DEXBot Technical Design Document
See here: https://github.com/Codaone/DEXBot/wiki/DEXBot-Technical-Design-Document
29.0 DEXBot Technical Design Document
See Googledoc here: https://docs.google.com/document/d/1IXnhskQfVWMD2w-hryom5D72RLWXEDDVmS1kwrrsduc/edit?usp=sharing
Purpose
For refactoring the DEXBot code architecture, there are several areas to address:
Architecture Refactor - for Future code base maintainability
Extensibility - for additional strategies and frameworks
Speed Optimization - pybitshares, i/o vs cpu bound code
Architecture Refactor
Prior to refactoring, we did an analysis of existing code to see what the state of project is currently at. The code reviewed in this document is for existing Strategies Infrastructure as per DEXBot release 0.10.1. The tools in this document can be used for any part of the project and is highly encouraged on a regular basis to make an assessment of what code can be improved and for fixing potential “red flag” areas.

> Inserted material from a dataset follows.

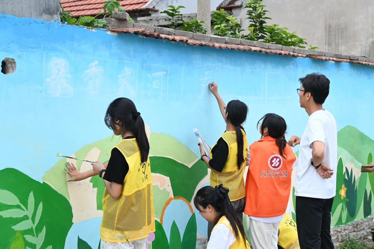 学校艺术专业学生于暑假期间深入乡村,发挥专业优势进行墙绘志愿服务活动。

In the diagram, we see the StrategyBase is one giant bloated base strategy class which does all of the following:
- price query
- order management (including some asset conversions)
- data logging to db
- account management
- state machine
- GUI slider/profit update
For DEXBot WP2 , we aim to address the following planned features:
Async queries to nodes and orderbook
CEX/DEX Arbitrage
Strategy Performance tracker
Custom Strategy Plugin infrastructure
Single Account multiple workers
Any future trading engine plugin not yet accounted for, e.g. AI/Machine Learning Engine
In order to meet the above feature improvements, the current code based must be refactored with an architecture that can meet future demands. In this investigation, we turn to existing design patterns. Here is an conceptual industrial grade algorithm trading system layout:
The reporting layer (data logger), Data-source (price feed), and order processing layer are currently embedded in the StrategyBase layer class. These features should be split out into separate classes to manage. A class should have only one responsibility.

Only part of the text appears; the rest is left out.